The operating area of a transit bus may also be defined as a geographic metropolitan area, with the buses used outside of this area being more varied with buses purchased with other factors in mind. Some regional-size operators for capital cost reasons may use transit buses interchangeably on short urban routes as well as longer rural routes, sometimes up to 2 or 3 hours.  Often transit bus operators have a selection of 'dual-purpose' fitted buses, that is standard transit buses fitted with coach-type seating, for longer-distance routes.

Sometimes transit buses may also be used as express buses on a limited-stopping or non-stop service at peak times, but over the same distance as the regular route.

Fare payment
Fare payment is done via:

 Smart card
 single or multi-ride coupon/ticket
 cash
 (none required: Zero-fare bus)
and is done upon:
 Pre-payment, done at ticket machines located at the bus stops or at other locations, before getting on the bus.
 boarding
 departing
 both, e.g., after crossing fare zone boundaries
 in transit, via an attendant or bus conductor (mostly obsolete systems)

Doors
Depending on payment systems in different municipalities, there are widely different rules with regard to which door, front or rear, one must use when boarding/exiting.

For rear doors, most buses have doors opened by the driver controls or patron (with touch-to-open, motion sensor or push bars). Most doors on buses use air-assist technology, the driver controlled doors, use air pressure to force them open, patron-operated doors, can push them open, however, the doors are heavy, so the touch-to-open or push bar mechanism, sends pressurized air to open the doors. Most doors will signify that they are unlocked and open with lights, this gives guide to those who are going up or down the door steps to not trip and fall.
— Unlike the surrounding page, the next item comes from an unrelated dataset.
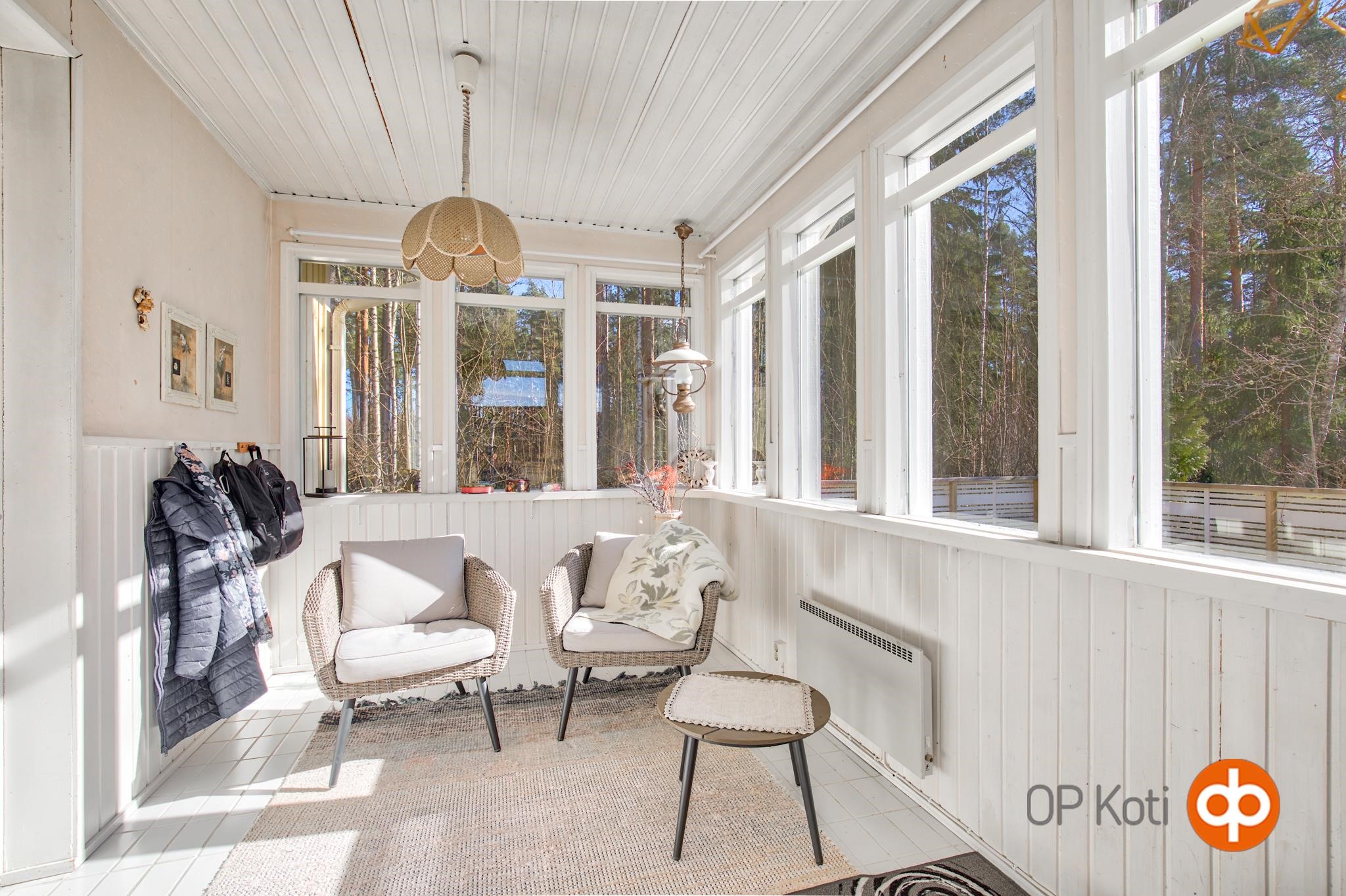 - 10 m2Muut tilat: Puolilämmin lasikuisti, rakennuspiirustusten mukainen rakennusala 10m².

Unlocked or open doors, will trigger a brake locking mechanism on the bus to prevent it from moving while someone could possibly be entering or exiting the bus, when the door is closed, the lock will release, this is mostly implemented on rear doors, not really on front doors, since the driver will be paying attention to the front door.

Types

Transit buses can be single-decker, double-decker, rigid or articulated.  Selection of type has traditionally been made on a regional as well as operational basis; however, with the advent of global manufacturing, all of these types can be seen in the same location or country.  Depending on local policies, transit buses will also usually have two, three or (for articulated) four doors to facilitate rapid boarding and alighting.

In cases of low-demand routes, or to navigate small local streets, some models of minibus and small midibuses have also been used as transit type buses.

The development of the midibus has also given many operators a low-cost way of operating a transit bus service, with some midibuses such as the Plaxton SPD Super Pointer Dart resembling full size transit type vehicles.

Developments

Due to their public transport role, transit buses were the first type of bus to benefit from low-floor technology, in response to a demand for equal access public service provision.  Transit buses are also now subject to various disability discrimination acts in several jurisdictions which dictate various design features also applied to other vehicles in some cases.

Due to the high number of high-profile urban operations, transit buses are at the forefront of bus electrification, with hybrid electric bus, all-electric bus and fuel cell bus development and testing aimed at reducing fuel usage, shift to green electricity and decreasing environmental impact.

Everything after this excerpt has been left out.